Note that the glass in optical fiber is not homogeneous. The composition varies radially, with higher dopant cocentration (and thus higher index of refraction) near the centerline of the fiber, and lower index away from the centerline. The variation might be step-like (a uniform core surrounded by a uniform lower-index cladding) as in most single-mode fibers; or it might be continuous (ideally, a parabolic shape) as in high-performance multi-mode fibers.

Also, index of refraction is a macroscopic property. It's the effect of many many atoms interacting with the light beam travelling through the material.

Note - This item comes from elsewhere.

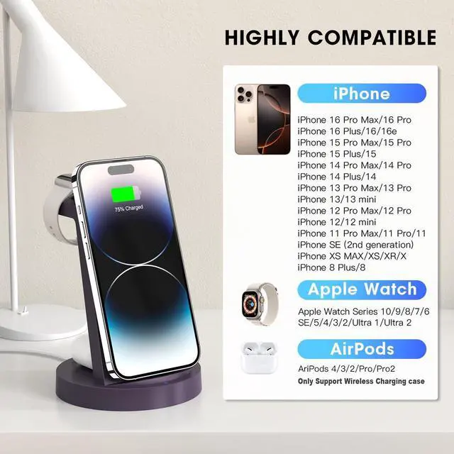 | Compatible Phone Models | [iPhone]iPhone 17, 17 Pro, 17 Pro Max, iPhone Air,iPhone 16e,iPhone 16 Pro Max, iPhone 16 Pro,iPhone 16 Plus,iPhone 16,iPhone 15 Pro Max, iPhone 15 Pro,iPhone 15 Plus,iPhone 15, iPhone 14 Pro Max, iPhone 14 Pro, iPhone 14 Plus, iPhone 14, iPhone 13 Pro Max, iPhone 13 Pro, iPhone 13, iPhone 13 mini, iPhone 12 Pro Max, iPhone 12 Pro, iPhone 12, iPhone 12 mini, iPhone 11 Pro Max, iPhone 11 Pro, iPhone 11, iPhone SE (2nd generation), iPhone XS MAX, iPhone XS, iPhone XR, iPhone X, iPhone 8 Plus, iPhone 8 [Apple Watch]Apple Watch Series 10,Apple Watch Series 9,Apple Watch Ultra 2,Apple Watch Ultra 1,Watch Series 8, Apple Watch Series 7, Apple Watch Series 6, Apple Watch Series SE, Apple Watch Series 5, Apple Watch Series 4, Apple Watch Series 3, Apple Watch Series 2[AirPods]AriPods Pro 2, AriPods Pro, AriPods 4AriPods 3AriPods 2(Note: for AirPods 2/3/4, needs work with a wireless charging case ) |
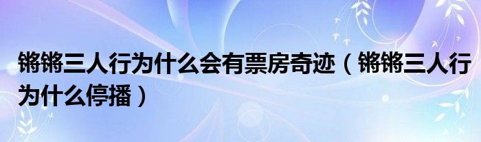 大家好,小安來為大家解答以上問題。鏘鏘三人行為什么會有票房奇跡,鏘鏘三人行為什么停播很多人還不知道,現在讓我們一起來看看吧!

If you look at the glass on a scale where individual atoms are relevant, you'd no longer see the glass as having a uniform effect on the light's propagation velocity. (This is similar to how a current in a river is the macroscopic view of vast numbers of water molecules travelling in mostly random directions which only happen be slightly biased toward travel in the direction of current flow).

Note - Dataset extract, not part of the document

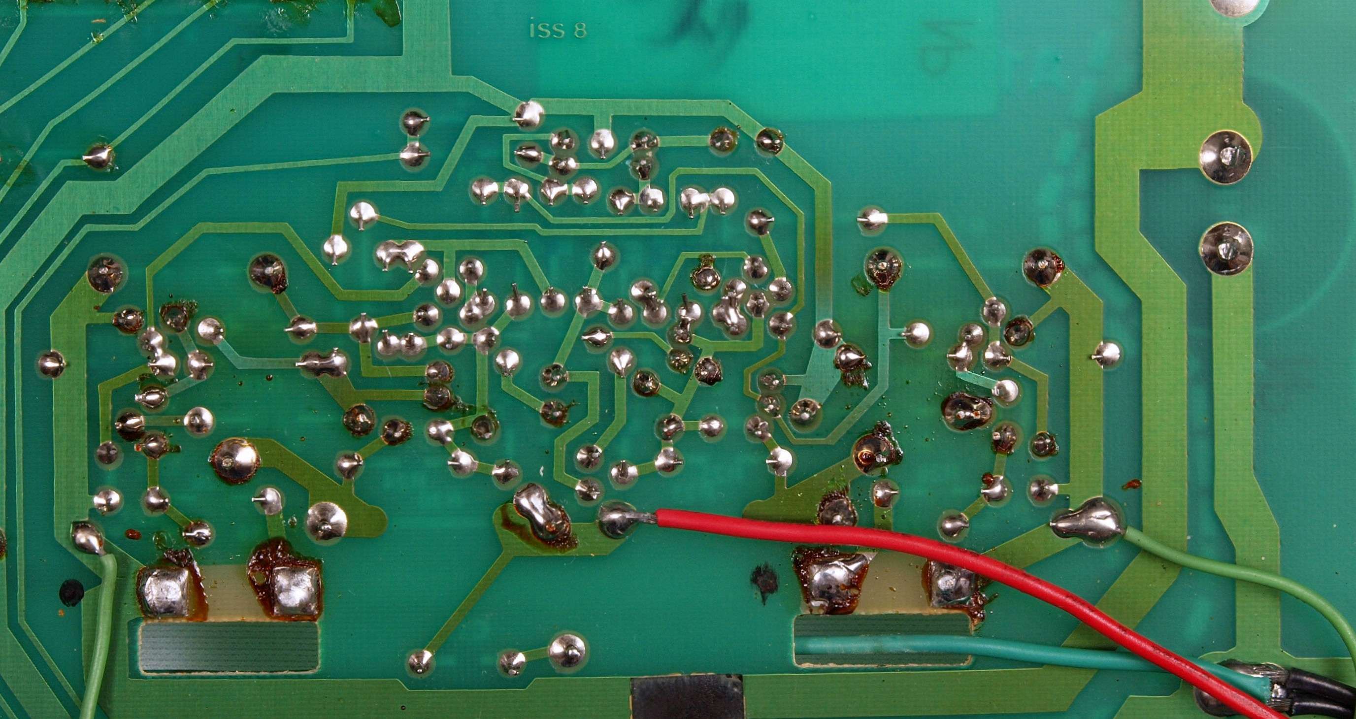 C14. 修理(半田補正)後 基板裏、 半田を全部やり直す。

One thing that might have confused you is that optical path length does depend on the index of refraction of the material the light is travelling through. Optical path length is the length of vacuum a light beam would have had to travel through to have the same phase advancement as it had travelling through some material. So if a beam travels through 1 cm of glass with index 1.5, then the optical path length is 1.5 cm. If it travels through 1 cm of glass with index 1.6, then the optical path length is 1.6 cm. This is because the optical path length depends on the index, not because the index depends on the dimensions of the piece of glass.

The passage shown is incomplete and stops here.